● TO DO
Write out, from the entries below, exactly the lines that run between the lines holding "Beautiful gold japanese" and "升级策略我们选择 RollingUpdate 的方式,即在升级过程中滚动式地逐步新建新版本的", inclusive, and stop there.
***** PROVIDED DATA *****
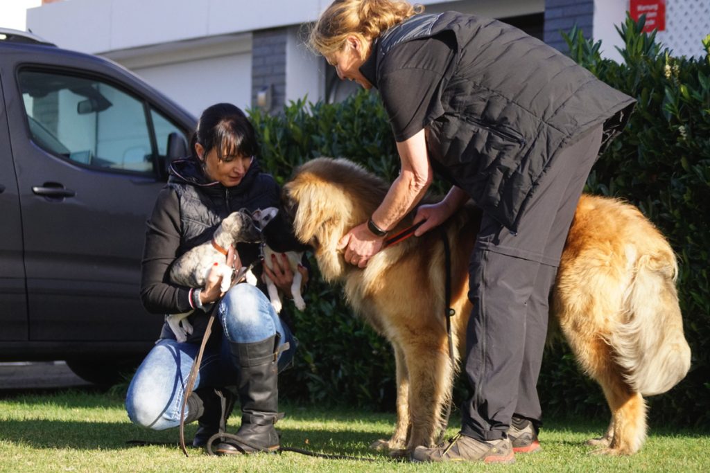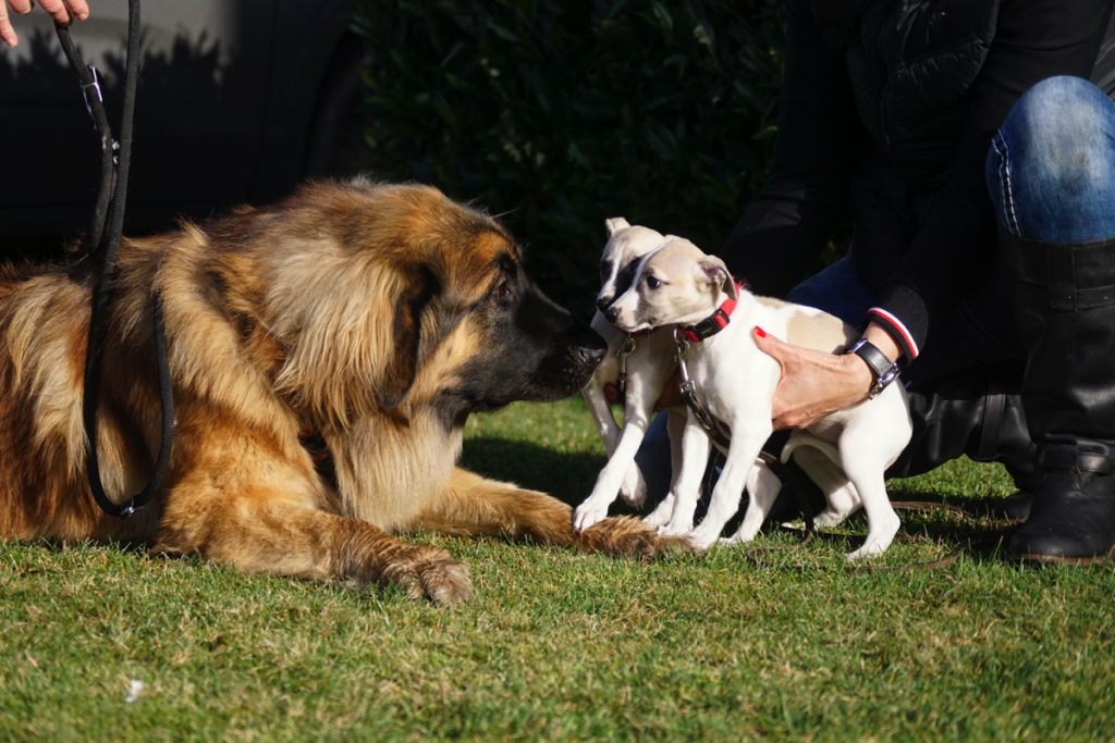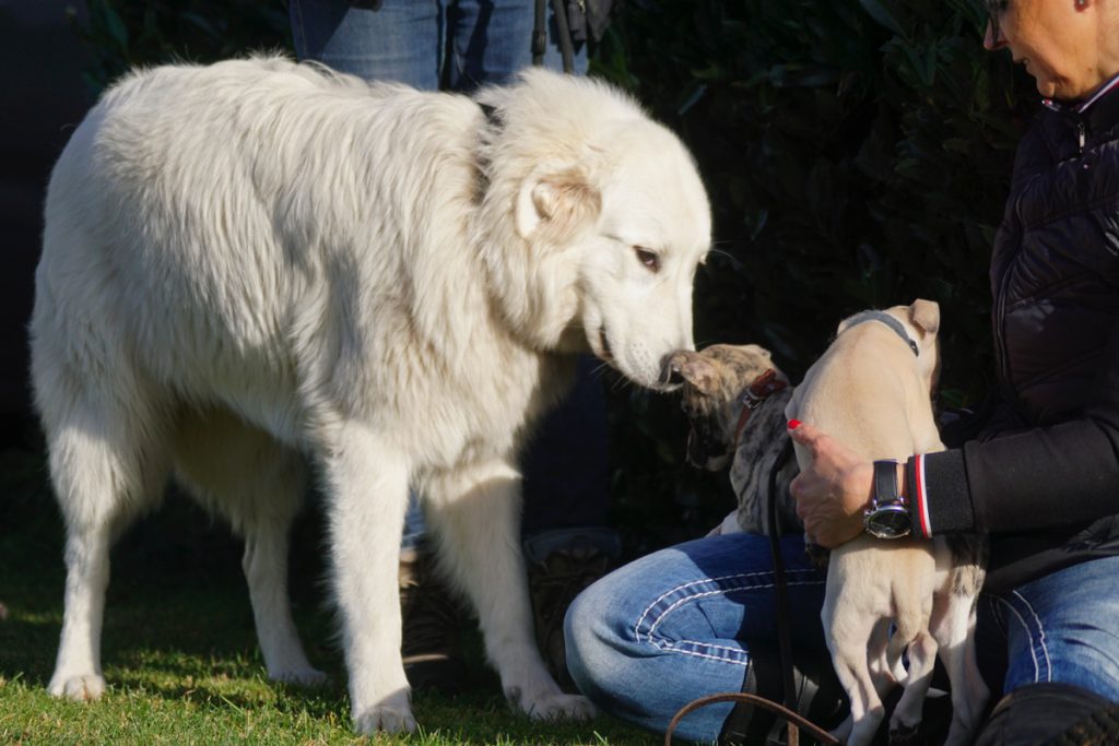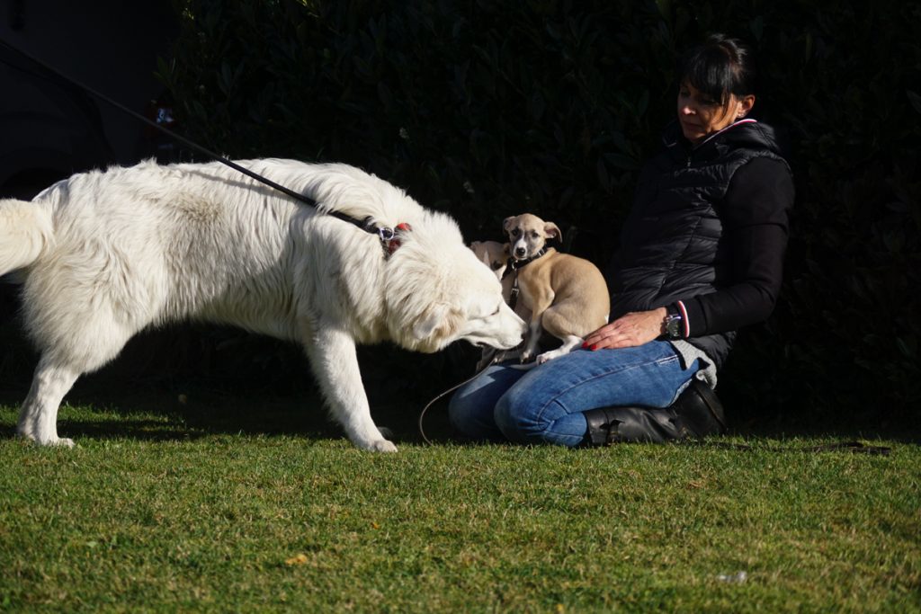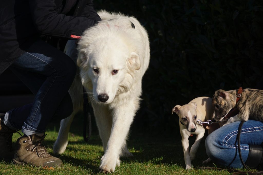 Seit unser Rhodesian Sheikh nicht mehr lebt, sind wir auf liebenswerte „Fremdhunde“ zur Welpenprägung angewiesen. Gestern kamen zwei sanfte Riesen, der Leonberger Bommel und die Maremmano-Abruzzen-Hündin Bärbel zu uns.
*****
***** PROVIDED DATA *****
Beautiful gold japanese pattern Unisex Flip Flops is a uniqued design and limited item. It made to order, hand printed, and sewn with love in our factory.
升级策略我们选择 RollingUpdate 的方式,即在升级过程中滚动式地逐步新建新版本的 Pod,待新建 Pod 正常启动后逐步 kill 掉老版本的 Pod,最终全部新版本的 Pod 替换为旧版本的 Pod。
*****
● WORKED SOLUTION
Beautiful gold japanese pattern Unisex Flip Flops is a uniqued design and limited item. It made to order, hand printed, and sewn with love in our factory.
升级策略我们选择 RollingUpdate 的方式,即在升级过程中滚动式地逐步新建新版本的 Pod,待新建 Pod 正常启动后逐步 kill 掉老版本的 Pod,最终全部新版本的 Pod 替换为旧版本的 Pod。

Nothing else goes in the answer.